Este análisis es especialmente pertinente en el contexto de eventos como la Semana del Clima en Nueva York, donde se están debatiendo temas como la financiación climática y la reducción de emisiones de metano. Aquí, la IA desempeña un papel fundamental al identificar patrones en grandes volúmenes de datos, lo que mejora las soluciones de resiliencia climática. Esta tecnología tiene el potencial de permitir a científicos y responsables políticos tomar decisiones más precisas para mitigar los efectos del cambio climático, como sequías o temperaturas extremas.

Sin embargo, estos avances tecnológicos nos llevan a reflexionar sobre los riesgos éticos asociados, en particular los dread risks, aquellos de baja probabilidad pero de alto impacto. Un buen ejemplo es la energía nuclear: a pesar de su eficiencia, un accidente puede tener consecuencias catastróficas. Con la IA ocurre algo similar: su potencial impacto en áreas críticas como la gobernanza digital plantea serios interrogantes sobre cómo gestionamos estos riesgos. Un caso destacado es Estonia, que tiene una infraestructura digital avanzada pero enfrenta importantes amenazas cibernéticas, sobre todo de Rusia. En Brasil, el sistema de votación electrónica implementado en 1996 ha mejorado la transparencia al eliminar fraudes comunes en el voto en papel. Sin embargo, ambos países deben abordar los riesgos de la desinformación impulsada por la inteligencia artificial, que amenaza la confianza en las instituciones democráticas y la integridad electoral. La creciente popularidad de las herramientas de IA exige una regulación efectiva y medidas de protección para salvaguardar la democracia.

La IA también está transformando la relación entre gobiernos y ciudadanos en términos de gobernanza digital. Si bien la tecnología permite mejorar la eficiencia en la prestación de servicios públicos, los gobiernos enfrentan el desafío de garantizar el acceso equitativo a estos avances. A diferencia de las empresas, que buscan maximizar beneficios, los gobiernos deben implementar la IA de manera que no amplifique los sesgos existentes, sino que mejore el acceso justo a los servicios, independientemente del nivel de alfabetización digital o situación económica de los ciudadanos. Este reto cobra aún más relevancia en las democracias, donde la equidad y la transparencia son esenciales.

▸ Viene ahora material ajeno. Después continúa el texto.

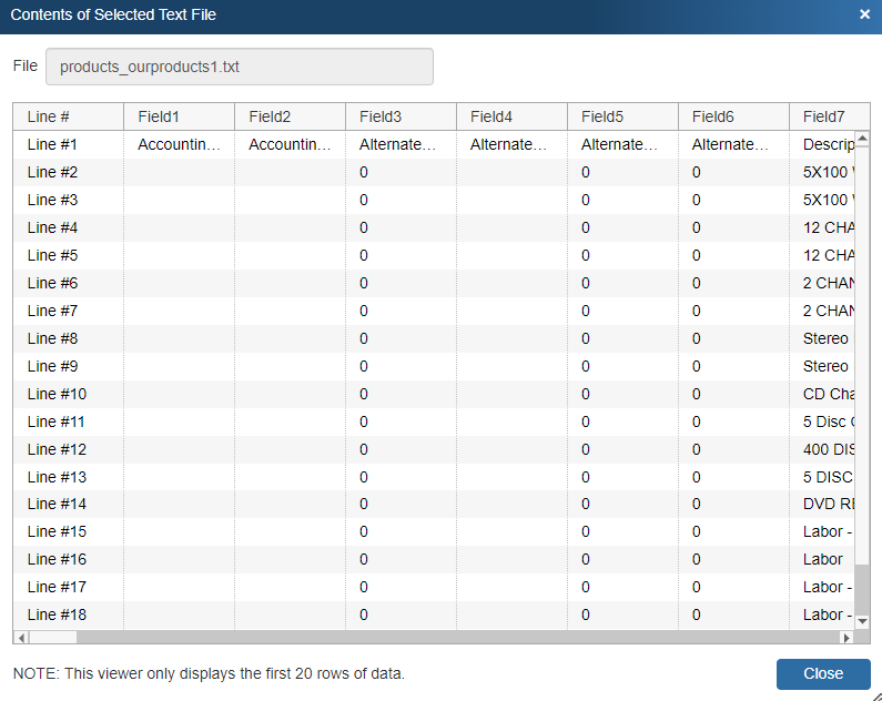 Often, the first row of data in delimited text files contains the column titles of the data that is contained in these columns. Using this “Start at Row” feature, you can instruct QuoteWerks to only import data starting at for example the second row since the second row will actually be the first row that contains data.
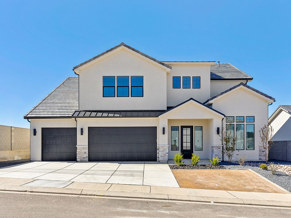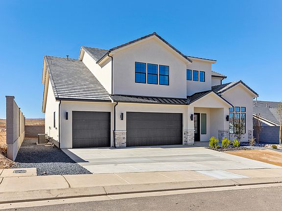 Almost finished! 6 bedrooms + an office/den, mud bench just inside from the 3-car garage, huge media room/loft, privacy block walls on 3 sides, huge covered patio to enjoy evening shade, 10ft ceilings on the main level with 8ft tall doors, tankless water heater, rain gutters, custom cabinets, quartz countertops, tiled showers, primary bedroom on the main level with a beautiful bathroom suite with a walk-in-closet, double vanities, soaker tub, and gorgeous shower, stainless steel appliances including the refrigerator, nice pantry, builder warranty, Dixie Power District. All information is deemed reliable but not guaranteed, buyer to verify all.
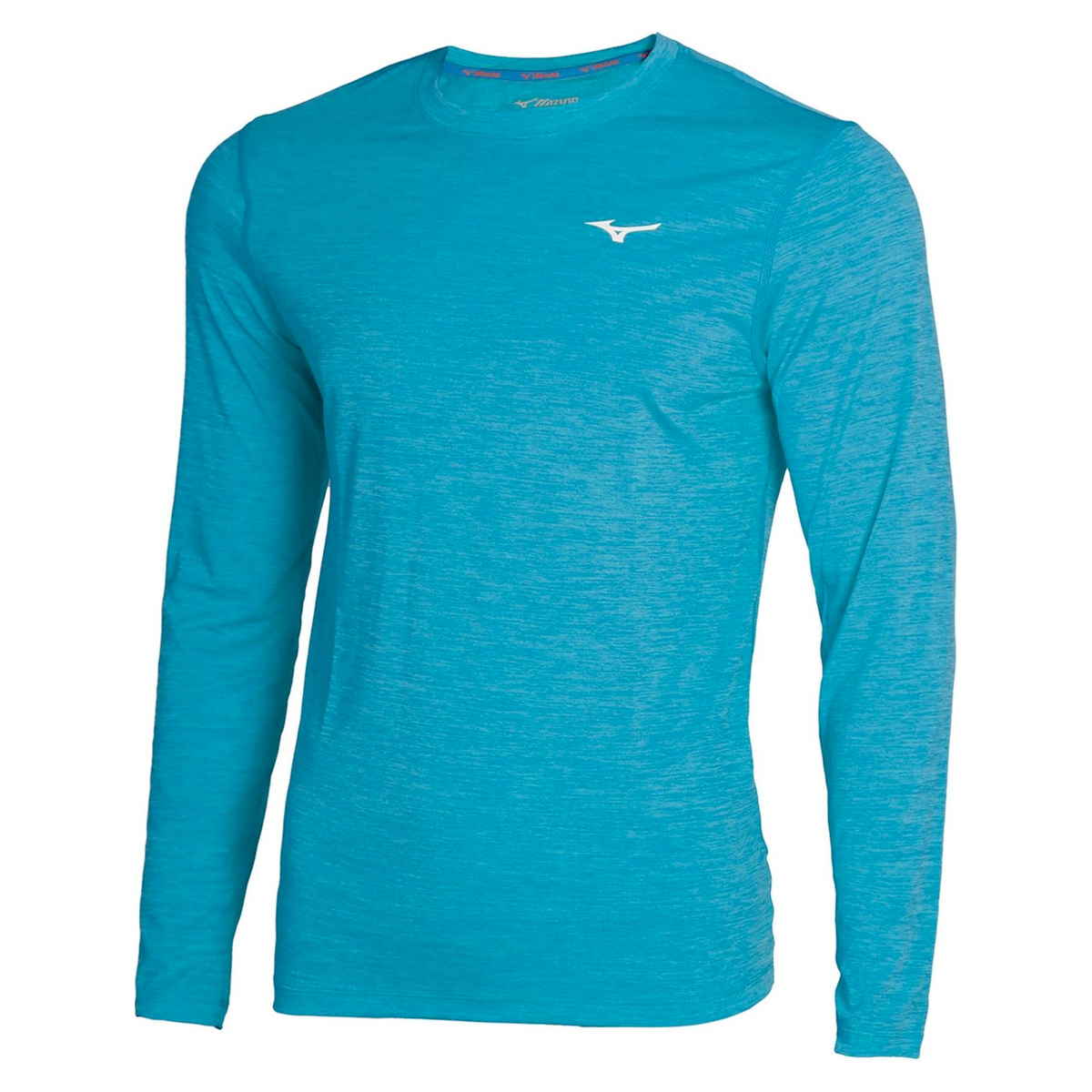 Dit Mizuno shirt lange mouw Impulse Core maui blue voor heren is gemaakt van dun zacht materiaal, met een hoog ademend vermogen. Een sportshirt van Mizuno voor heren die je het hele jaar kunt gebruiken!
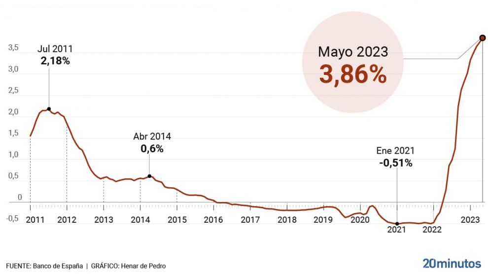 Et gennemsnitligt boliglån på 140.000 euro med en løbetid på 25 år med variabel rente, der i juni sidste år blev optaget med en Euribor på 1 procent, har nu en månedlig ydelse på 821,24 euro om måneden. Det vil sige 550 euro ekstra hver måned - eller 3.175 euro om året - i forhold til juni sidste år.
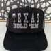 Rock the tables in our Texas Hold 'Em Black Trucker with dazzling Confetti Sparkle font. This cap boasts a 100% polyester front and mesh back, giving it a cool and comfortable feel. With a traditional 5-panel design, it features a seamless foam front panel with lining and a matching color braid. The visor has 8 rows of stitching and a matching fabric under visor, while the sweatband is also color coordinated. The plastic snap on the back allows for an adjustable fit, so it's perfect for adults sized 6 1/2 - 7 5/8.
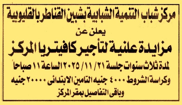 HOT Information مزايدة علنية لعملية تأجير كافتيريا المركز لمدة 3 سنوات عن جريدة الجمهورية Post navigation شركة النصر لصناعة الزجاج والبللور جهاز شئون البيئة
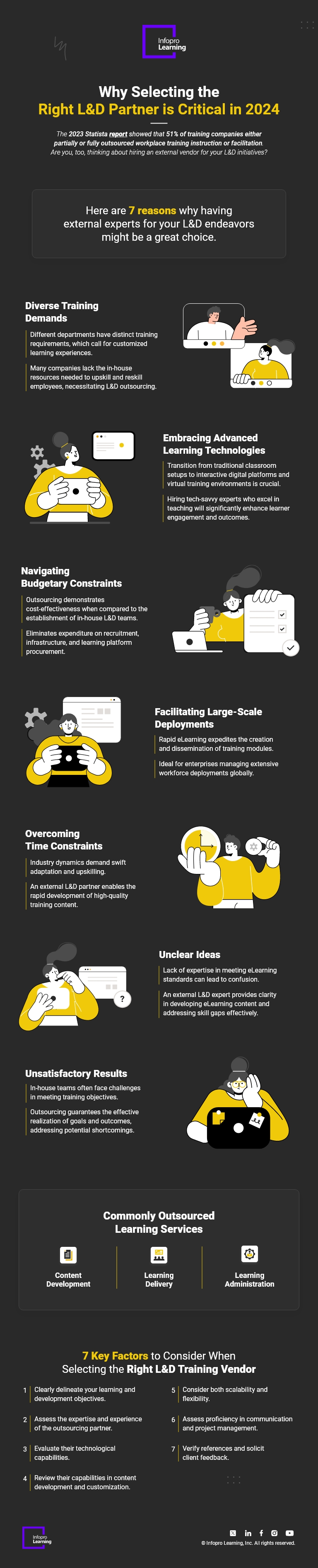 Customization and flexibility are critical factors; L&D programs should be tailored to align with the organization’s unique culture, goals, and industry-specific requirements, offering diverse delivery methods to accommodate different learning preferences. By selecting an L&D partner that excels in these areas, organizations can empower their employees to thrive amidst digital transformations, driving innovation and sustainable growth. View the infographic to learn about selecting the right L&D partner in 2024.
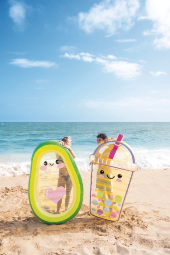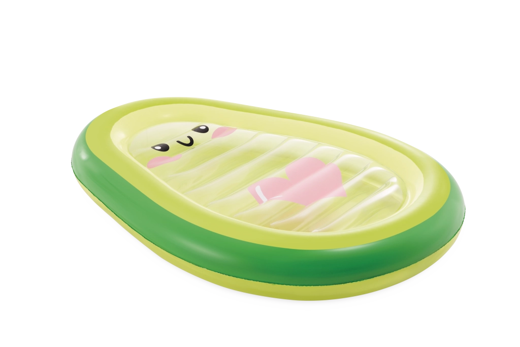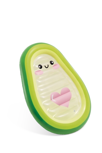 Die aufblasbare Liege Avocado Buddy bringt frischen, avocad-inspirierten Stil in Ihre Sommerentspannung. Der äußere Rand in Grüntönen geht fließend in hellere Nuancen und Gelb über, während der transparente Mittelteil mit einem süßen Comic-Gesicht und rosa Herz der Liege einen originellen Look verleiht. Das robuste transparente PVC eignet sich ideal für Wasserspaß und ermöglicht den Blick unter die Wasseroberfläche.
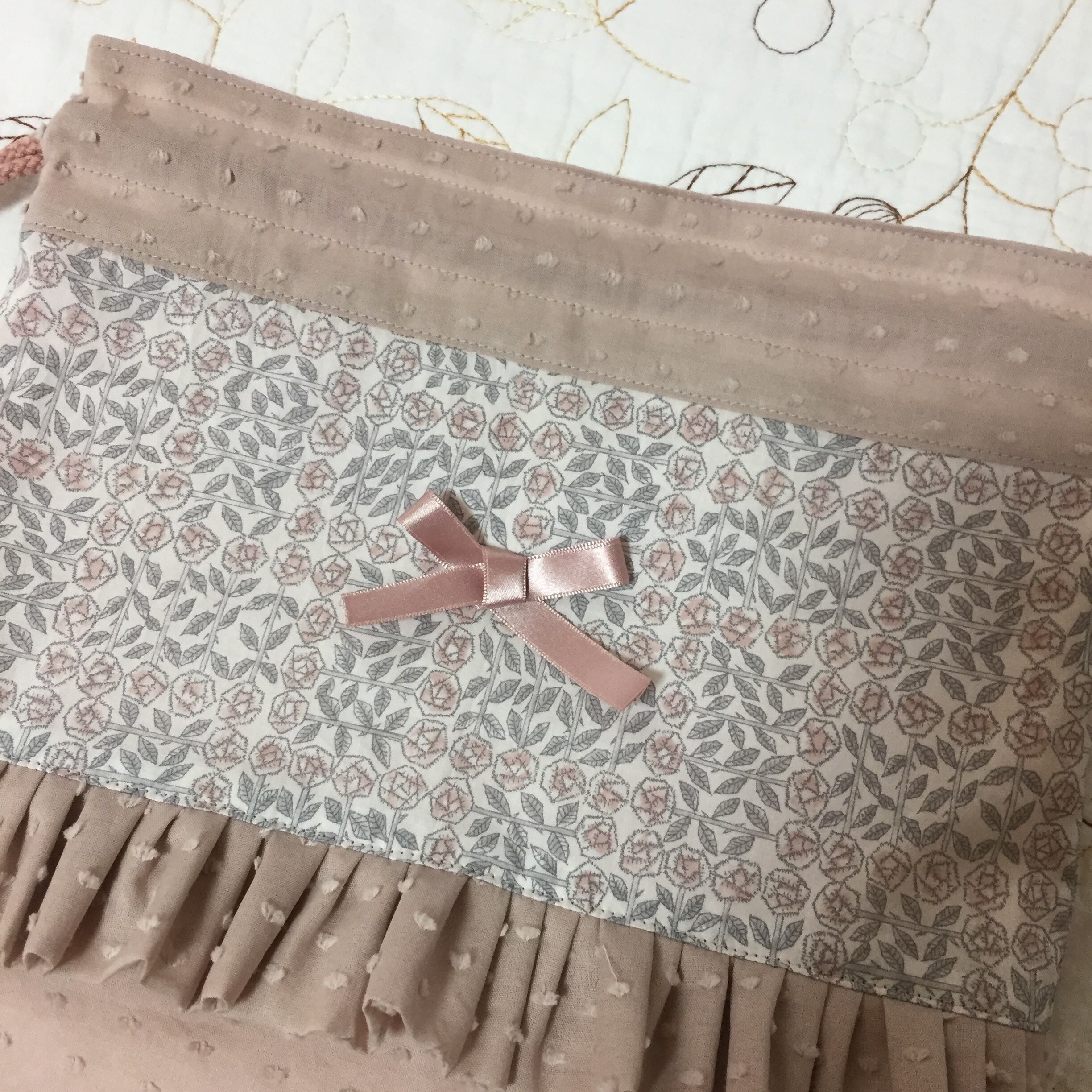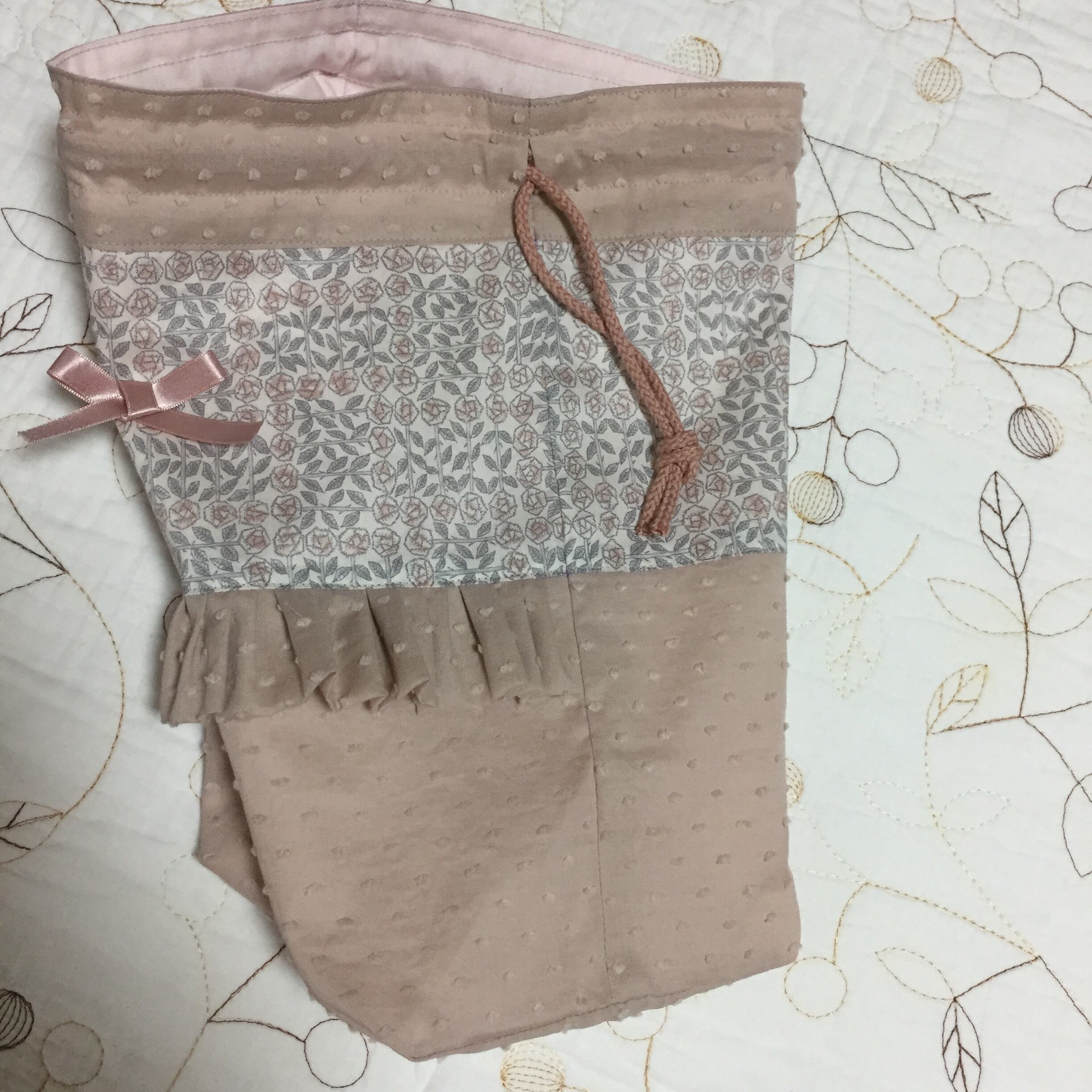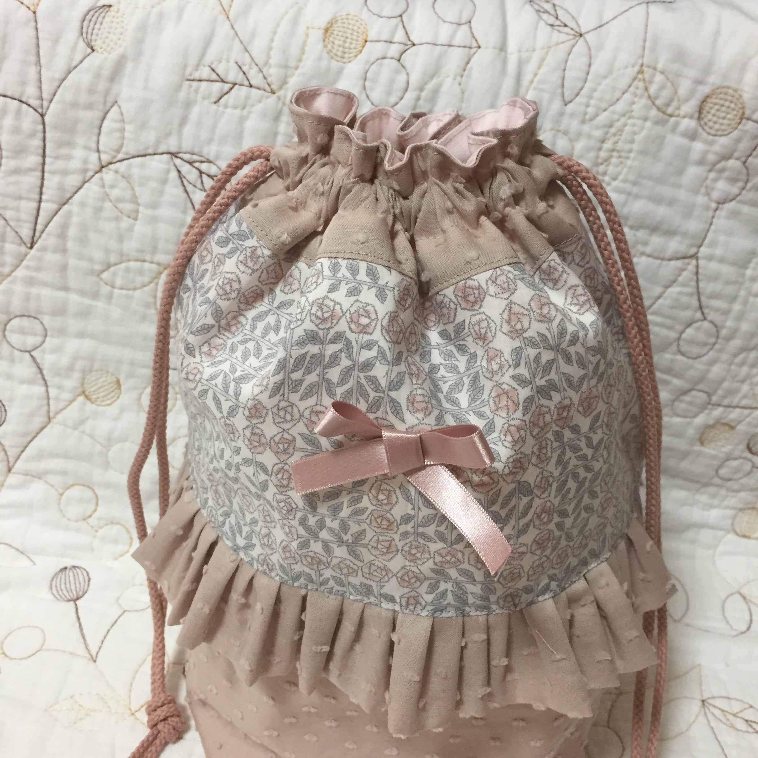 リバティ タナローン スリーピングローズ (メルシー限定色)と海のブロード グレイッシュピンク (チェックアンドストライプ)で巾着袋を作製しました。

Si se gestiona adecuadamente, la IA puede mejorar estos aspectos en los servicios públicos, pero si no se controlan los sesgos en los datos, podría perpetuar desigualdades. Es crucial diseñar sistemas de IA que no solo mejoren el acceso, sino que también fomenten la confianza en el gobierno, especialmente en un contexto donde la privacidad y la seguridad de los datos son preocupaciones crecientes.

Aunque la IA tiene el potencial de transformar áreas clave como el clima y la gobernanza, es imperativo que estos avances tecnológicos se enmarquen dentro de estructuras éticas y de gobernanza sólidas. Solo así se podrán maximizar los beneficios de la IA mientras se gestionan sus riesgos de manera responsable, asegurando que no se comprometan la seguridad ni los valores democráticos.